Provably Safe PAC-MDP Exploration Using Analogies
This work addresses the problem of safe exploration for reinforcement learning practitioners in safety-critical applications, offering a novel approach that overcomes limitations of existing methods.
The paper tackles the challenge of balancing exploration and safety in reinforcement learning for safety-critical domains by proposing the Analogous Safe-state Exploration (ASE) algorithm, which provably ensures safety during exploration in MDPs with unknown, stochastic dynamics and achieves near-optimal policies with improved sample efficiency.
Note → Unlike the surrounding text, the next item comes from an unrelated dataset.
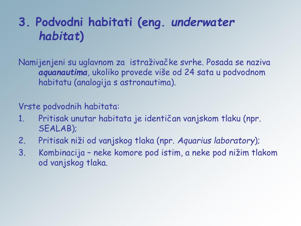 3. Podvodni habitati (eng. underwater habitat) Namijenjeni su uglavnom za istraživačke svrhe. Posada se naziva aquanautima, ukoliko provede više od 24 sata u podvodnom habitatu (analogija s astronautima). Vrste podvodnih habitata: • Pritisak unutar habitata je identičan vanjskom tlaku (npr. SEALAB); • Pritisak niži od vanjskog tlaka (npr. Aquarius laboratory); • Kombinacija – neke komore pod istim, a neke pod nižim tlakom od vanjskog tlaka.

A key challenge in applying reinforcement learning to safety-critical domains is understanding how to balance exploration (needed to attain good performance on the task) with safety (needed to avoid catastrophic failure). Although a growing line of work in reinforcement learning has investigated this area of "safe exploration," most existing techniques either 1) do not guarantee safety during the actual exploration process; and/or 2) limit the problem to a priori known and/or deterministic transition dynamics with strong smoothness assumptions. Addressing this gap, we propose Analogous Safe-state Exploration (ASE), an algorithm for provably safe exploration in MDPs with unknown, stochastic dynamics. Our method exploits analogies between state-action pairs to safely learn a near-optimal policy in a PAC-MDP sense. Additionally, ASE also guides exploration towards the most task-relevant states, which empirically results in significant improvements in terms of sample efficiency, when compared to existing methods.